Meskipun beberapa hari terasa lebih sulit daripada hari-hari lainnya setelah putus cinta, ada banyak cara untuk melanjutkan hidup dan menjalani kehidupan yang sehat dan bahagia. Konselor hubungan Bonobology setuju bahwa pemulihan Anda setelah putus cinta mungkin sulit, tetapi bukan tidak mungkin. Tidak peduli seberapa penuh rintangan perjalanan itu, kami percaya pada kemampuan Anda untuk bertahan dan kami yakin Anda akan berhasil melewatinya.

Pertanyaan Umum Demo Slot

1. Jenis kelamin mana yang lebih menyakitkan setelah putus cinta?

Putus cinta memang berat bagi semua orang, tetapi perempuan lebih terpengaruh oleh dampaknya. Mereka melaporkan lebih banyak rasa sakit emosional dan berjuang melawan berbagai perasaan negatif. Bukti terkini menunjukkan bahwa mereka merasakan kehilangan yang lebih intens.

2. Siapa yang lebih cepat move on setelah putus cinta?

Juri agak terpecah di sini. Selama ini, pria diyakini lebih cepat move on dan berkencan dengan orang lain setelah putus cinta. Namun, temuan baru menunjukkan bahwa pria lebih lama merenungkan hubungan masa lalu daripada wanita. Pria butuh waktu untuk bertanya (baca: mengakui), "Mengapa putus cinta begitu menyakitkan?"

3. Jenis kelamin mana yang lebih mungkin putus?

Sebuah studi yang dilakukan pada orang dewasa di AS menemukan bahwa wanita lebih cenderung mengakhiri pernikahan.

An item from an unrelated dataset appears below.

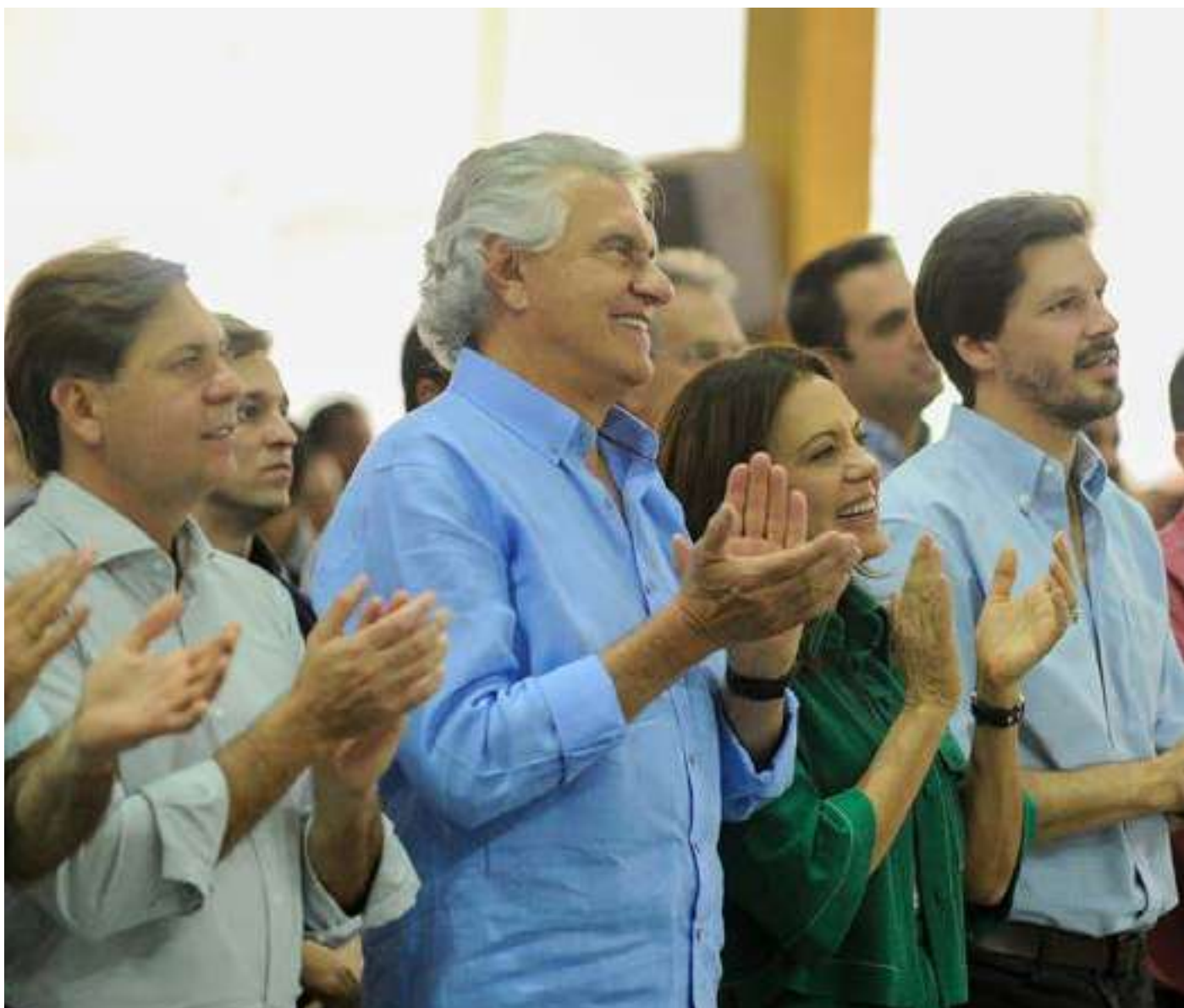
Autoridades participam do encerramento da Romaria de Muquém

Namun, baik pria maupun wanita memiliki kemungkinan yang sama untuk mengakhiri hubungan pranikah.

12 Hal yang Tidak Boleh Dilakukan Setelah Putus Cinta

8 Alasan Mengapa Anda Harus Segera Memblokir Mantan Anda dan 4 Alasan Mengapa Anda Tidak Harus Memblokirnya

Bagaimana Mungkin Mantan Saya Bisa Melupakanku Begitu Cepat Seolah Aku Bukan Siapa-siapa?

Kontribusi Anda bukanlah sumbangan amal . Kontribusi ini akan memungkinkan Bonobology untuk terus memberikan informasi baru dan terkini dalam upaya kami membantu siapa pun di dunia untuk mempelajari cara melakukan apa pun.




Menyebarkan cinta
Tags:

Tinggalkan Komentar

Situs ini menggunakan Akismet untuk mengurangi spam. Pelajari cara data komentar Anda diproses.